Meist kennen sich Täter*innen und Opfer. Wenn du selbst Grenzverletzungen erlebt hast oder grade erlebst, kannst du versuchen, die Verantwortlichen zur Rede zu stellen. Traust du dich nicht selbst, können dir auch Freund*innen, deine Eltern oder andere Bekannte helfen. Sollte das nicht fruchten, such dir professionelle Unterstützung – beispielsweise über die Nummern, die wir weiter oben auflisten.

Jemand der stalkt, belästigt andere, indem er sie auf Schritt und Tritt verfolgt. Von pausenlosen Anrufen, Nachrichten aller Art oder persönlichen Besuchen ist alles möglich. Opfer sind keineswegs nur Prominente. Die typischen Täter*innen sind Ex-Partner*innen, allerdings können auch fremde Personen stalken. Laut Polizeilicher Kriminalstatistik wurden 2024 rund 24.700 Fälle von Stalking erfasst. Davon sind laut Studien rund 80 % der Täter*innen Männer und 80 % der Betroffenen Frauen.

Stalking ist strafbar und keine kleine Sache: 2007 wurde Stalking offiziell zur Straftat erklärt.
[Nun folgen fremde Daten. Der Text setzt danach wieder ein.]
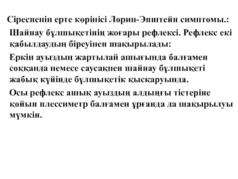 Слайд 25 Сіреспенін ерте көрінісі Лорин-Эпштейн симптомы.:

Mach deutlich, dass du für solch eine Art der Annäherung nicht zu haben bist. Geh auf keinen Kontaktversuch ein, denn das ermutigt die stalkende Person weiter. Wenn das Stalking sich verstärkt oder nicht aufhört, kannst du dich an die Polizei wenden oder dir professionelle Hilfe suchen – beispielsweise über die Nummern, die wir weiter oben auflisten.

In Gruppen kann leicht eine Dynamik entstehen, die dazu führt, dass einzelne Mitglieder sich unter Druck gesetzt fühlen. Sie werden aufgefordert oder sogar genötigt, mitzumachen. Oft wird unter Alkoholeinfluss oder Drogen versucht, sexuelle Handlungen durchzuführen, die sie sonst eigentlich ablehnen. Wichtig ist, „Stopp“ zu sagen, bevor du in eine Täterrolle gedrängt wirst.

Wenn dir das passiert, wende dich direkt unter 110 an die Polizei oder – wenn du dich mittelfristig schützen willst – an eine Beratungsstelle. Und versuch, deine Freund*innen zu schützen, wenn du merkst, wie eine Situation aus dem Ruder läuft. Oft haben Betroffene in dieser Situation nicht den Mut oder die Kraft, gegenzusteuern – und werden so ungewollt zu Täter*innen.